:: PROBLEM ::
In the entries that follow, the line with "Miley Cyrus se" opens the range and the line with "Los troncos de" closes it; repeat that range exactly, both lines included.

:: SUPPLIED MATERIAL ::
....................
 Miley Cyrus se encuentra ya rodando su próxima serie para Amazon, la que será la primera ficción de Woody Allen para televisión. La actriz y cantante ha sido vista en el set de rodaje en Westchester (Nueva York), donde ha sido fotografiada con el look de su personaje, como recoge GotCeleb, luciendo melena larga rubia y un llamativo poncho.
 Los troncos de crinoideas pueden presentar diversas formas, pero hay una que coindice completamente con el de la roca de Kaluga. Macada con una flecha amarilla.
....................
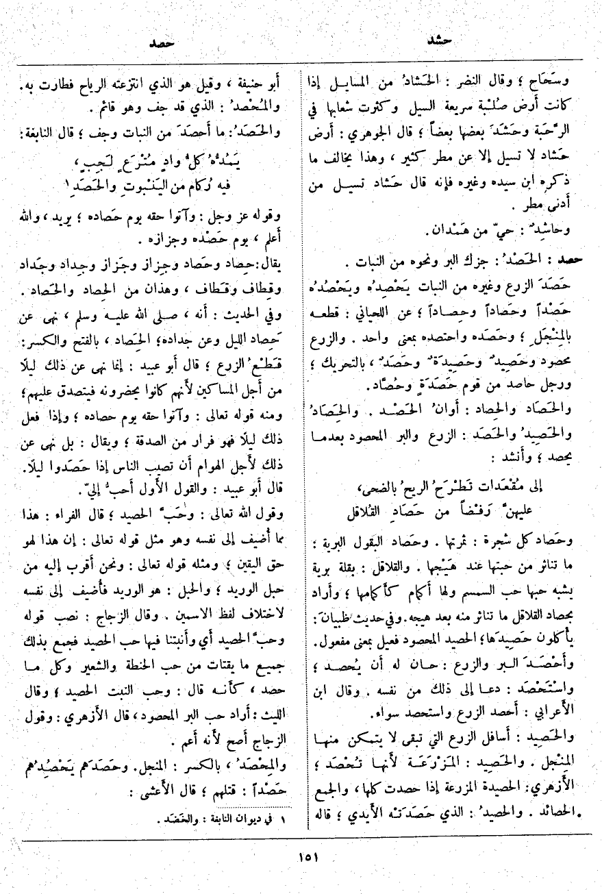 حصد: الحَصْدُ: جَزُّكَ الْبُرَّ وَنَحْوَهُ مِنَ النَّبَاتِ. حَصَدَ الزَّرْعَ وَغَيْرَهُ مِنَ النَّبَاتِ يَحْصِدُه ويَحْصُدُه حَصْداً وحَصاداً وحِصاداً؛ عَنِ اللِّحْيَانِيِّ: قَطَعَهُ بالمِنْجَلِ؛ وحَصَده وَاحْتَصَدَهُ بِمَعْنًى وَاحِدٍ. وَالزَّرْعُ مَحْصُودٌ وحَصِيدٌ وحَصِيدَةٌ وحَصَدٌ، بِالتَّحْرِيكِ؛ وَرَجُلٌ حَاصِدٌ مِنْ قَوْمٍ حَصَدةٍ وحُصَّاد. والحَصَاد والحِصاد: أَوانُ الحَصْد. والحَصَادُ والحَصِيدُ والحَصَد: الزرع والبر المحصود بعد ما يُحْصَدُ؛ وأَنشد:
....................
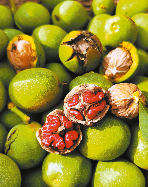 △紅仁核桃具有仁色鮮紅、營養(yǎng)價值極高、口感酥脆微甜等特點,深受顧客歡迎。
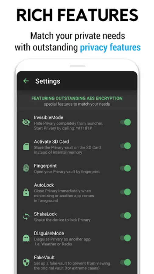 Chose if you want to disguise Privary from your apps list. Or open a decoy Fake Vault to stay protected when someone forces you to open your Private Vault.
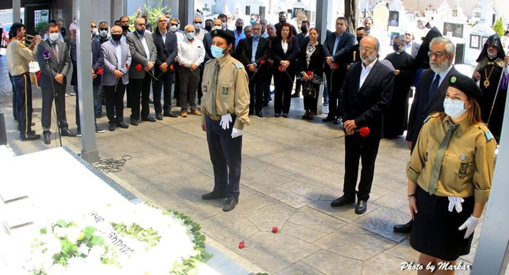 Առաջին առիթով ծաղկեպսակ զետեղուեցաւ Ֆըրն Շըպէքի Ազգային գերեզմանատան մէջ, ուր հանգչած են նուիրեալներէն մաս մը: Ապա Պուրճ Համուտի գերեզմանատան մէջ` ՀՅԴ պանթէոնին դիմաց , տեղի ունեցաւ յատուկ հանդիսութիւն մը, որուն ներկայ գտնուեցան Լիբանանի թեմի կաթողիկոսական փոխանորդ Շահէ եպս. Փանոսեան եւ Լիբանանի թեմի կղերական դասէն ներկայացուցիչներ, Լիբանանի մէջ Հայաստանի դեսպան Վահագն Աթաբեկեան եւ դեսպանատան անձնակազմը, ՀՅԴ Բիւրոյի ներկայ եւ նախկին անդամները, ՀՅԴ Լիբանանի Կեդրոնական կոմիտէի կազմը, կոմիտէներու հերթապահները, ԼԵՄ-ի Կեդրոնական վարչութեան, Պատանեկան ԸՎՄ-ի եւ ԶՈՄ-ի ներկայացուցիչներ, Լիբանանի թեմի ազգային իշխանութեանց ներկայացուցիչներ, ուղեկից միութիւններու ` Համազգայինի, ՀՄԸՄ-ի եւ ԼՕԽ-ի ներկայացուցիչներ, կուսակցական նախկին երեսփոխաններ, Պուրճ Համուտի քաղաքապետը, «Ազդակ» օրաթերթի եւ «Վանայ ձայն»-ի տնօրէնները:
....................
:: WORKED SOLUTION ::
 Miley Cyrus se encuentra ya rodando su próxima serie para Amazon, la que será la primera ficción de Woody Allen para televisión. La actriz y cantante ha sido vista en el set de rodaje en Westchester (Nueva York), donde ha sido fotografiada con el look de su personaje, como recoge GotCeleb, luciendo melena larga rubia y un llamativo poncho.
 Los troncos de crinoideas pueden presentar diversas formas, pero hay una que coindice completamente con el de la roca de Kaluga. Macada con una flecha amarilla.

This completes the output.